EXHIBIT 10.3
FIRST AMENDMENT TO
LETTER OF CREDIT AGREEMENT
This First Amendment to Letter of Credit Agreement (the "First Amendment")
is made as of the 4th day of October, 2004 by and among
KMART CORPORATION ("Kmart"), a corporation organized under the laws of the
State of Michigan having a place of business at 0000 Xxxx Xxx Xxxxxx Xxxx,
Xxxx, Xxxxxxxx 00000,
BANK OF AMERICA, NATIONAL ASSOCIATION ("BOA"), a national banking
association having a place of business at 000 Xxxxxxx Xxxxxx, Xxxxxx,
Xxxxxxxxxxxxx 00000;
FLEET NATIONAL BANK ("Fleet" and together with BOA, the "Issuing Banks"),
a national banking association having a place of business at 000 Xxxxxxx
Xxxxxx, Xxxxxx, Xxxxxxxxxxxxx 00000.
WITNESSETH
WHEREAS, Kmart and the Issuing Banks have entered into a Letter of Credit
Agreement dated as of August 13, 2004 (as amended and in effect, the "Credit
Agreement"); and
WHEREAS, Kmart and the Issuing Banks have agreed to amend certain
provisions of the Credit Agreement as set forth herein.
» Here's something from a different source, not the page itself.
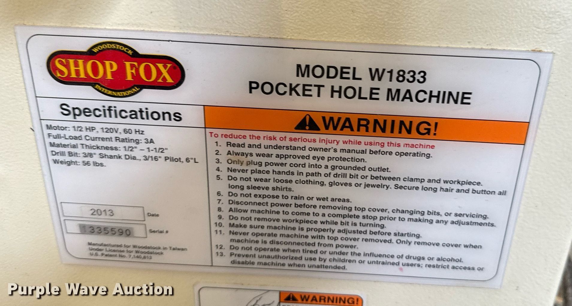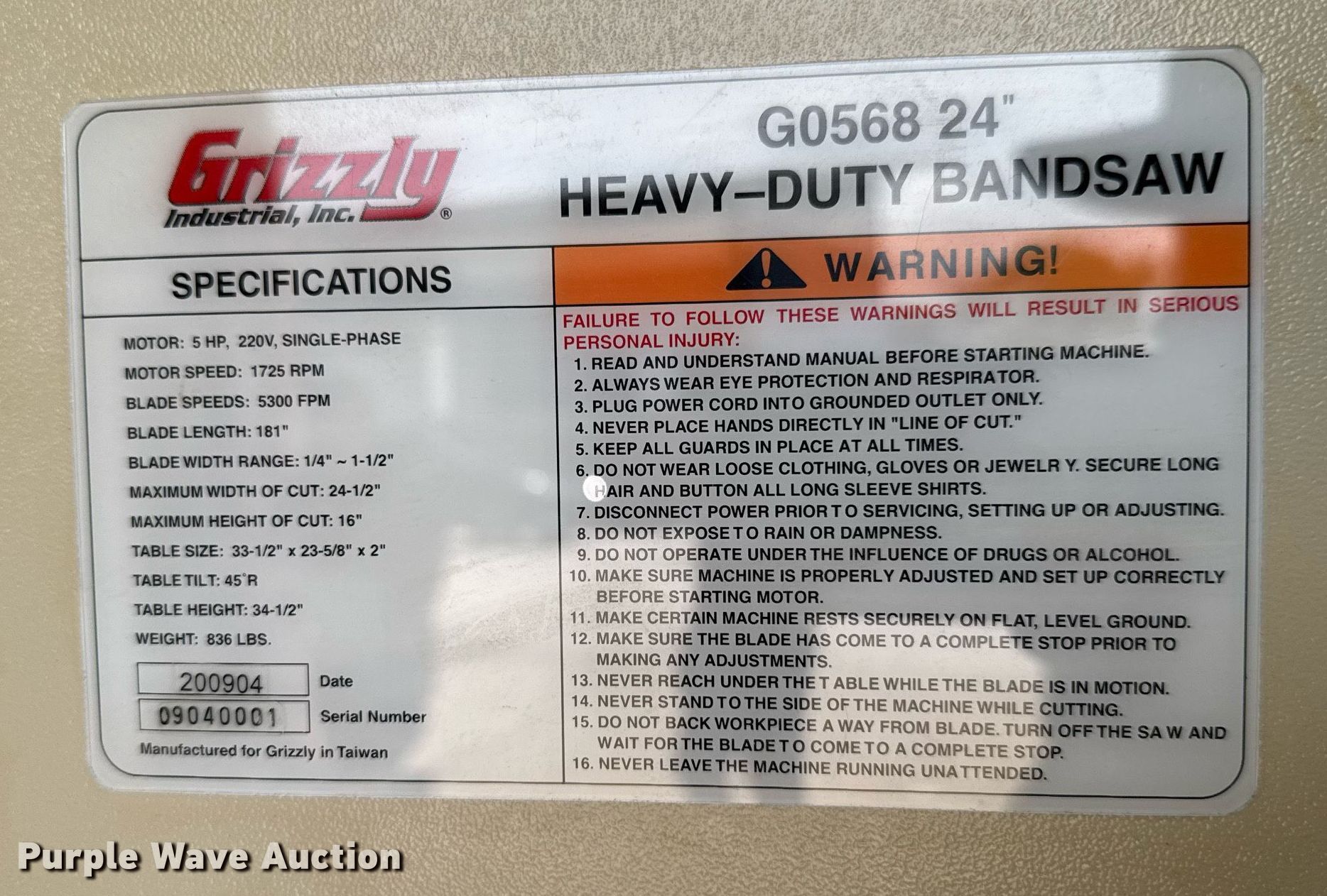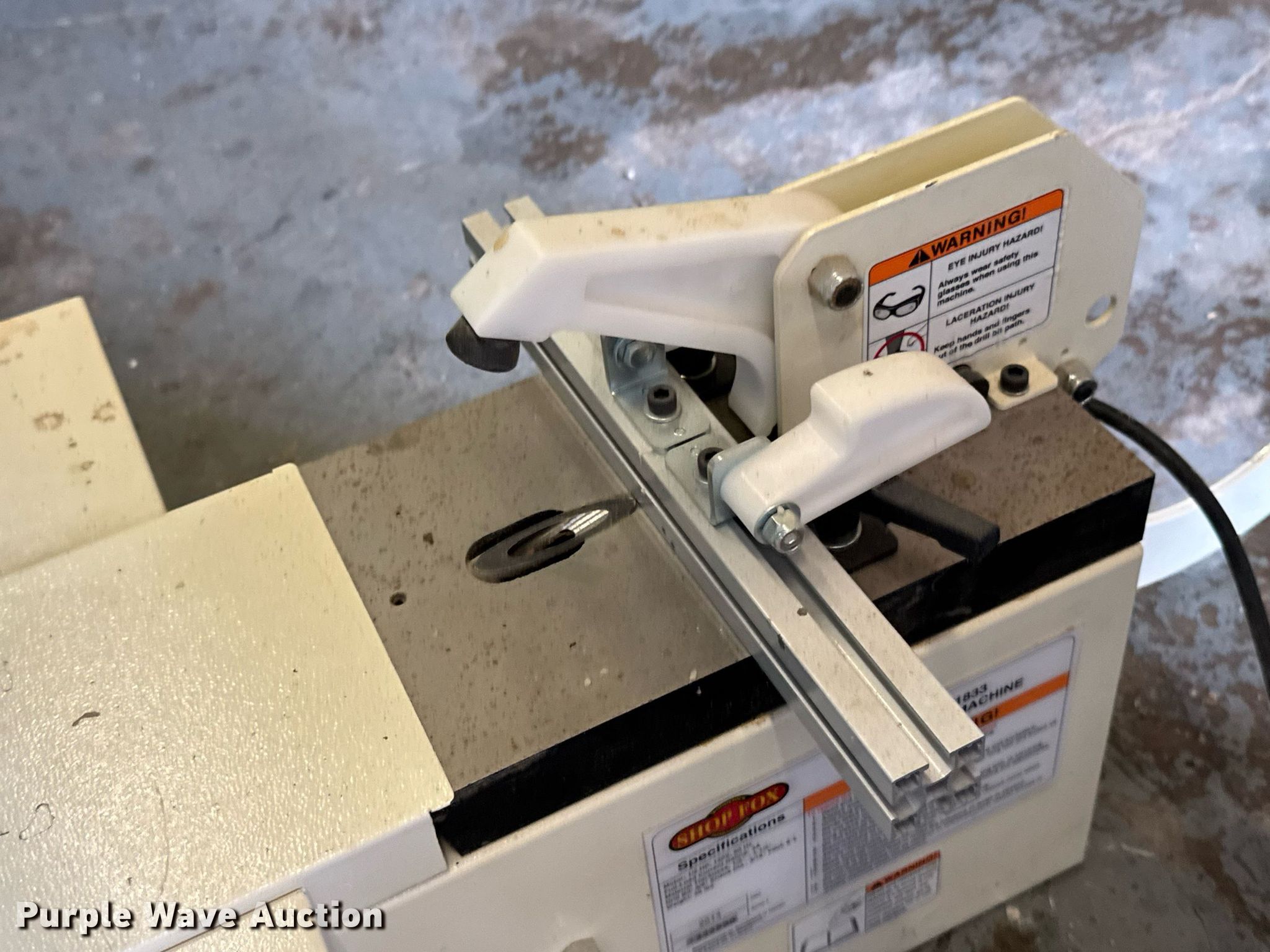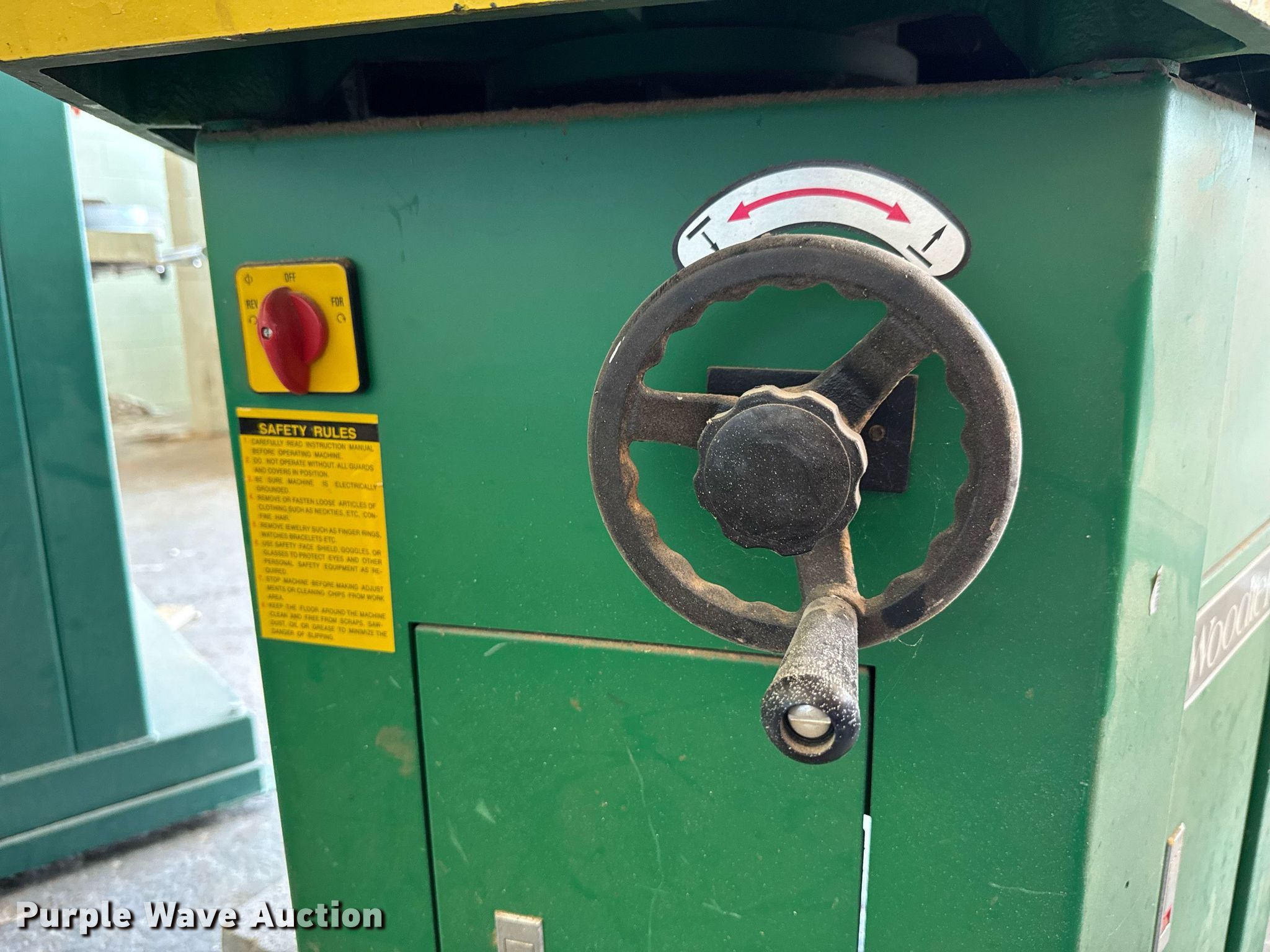 Purple Wave is selling a used Machine Shop Tools and Equip. in Kansas. This item is a Machine shop equipment with the following: Grizzly G9981 overarm router, Electric motor, Volts: 220, HP: 5, Phase: Three,, Woodtek 3-way router, Phase: Three, Grizzly G0568 24" band saw, Electric motor, Volts: 220, HP: 5, Phase: Single, Range: 1/4" to 1 1/2", Maximum cutting height: 16", Maximum width: 24 1.5", Grizzly 62891 wood lathe, Cutting depth: .2mm, Phase: Single, Grizzly G5394 Stroke Sander, HP: 3, Volts: 220, Phase: Single, Grizzly G4185 horizontal boring machine, Electric motor, Grizzly, Volts: 220, HP: 2, Phase: Single, Spindle travel: 3", Bit capacity: 9/16", Shop Fox W1833 Pocket Hole Machine, Volts: 120, HP: 1/2, Drill bit diameter: 3/8", Scroll saw, Volts: 115, HP: 1/8

NOW THEREFORE, it is hereby agreed as follows:
1. Definitions: All capitalized terms used herein and not otherwise defined
shall have the same meaning herein as in the Credit Agreement.
2. Amendments to Article 1. The provisions of Article 1 of the Credit
Agreement are hereby amended as follows:
a. The definition of "Availability" is hereby deleted in its entirety
and the following substituted in its stead.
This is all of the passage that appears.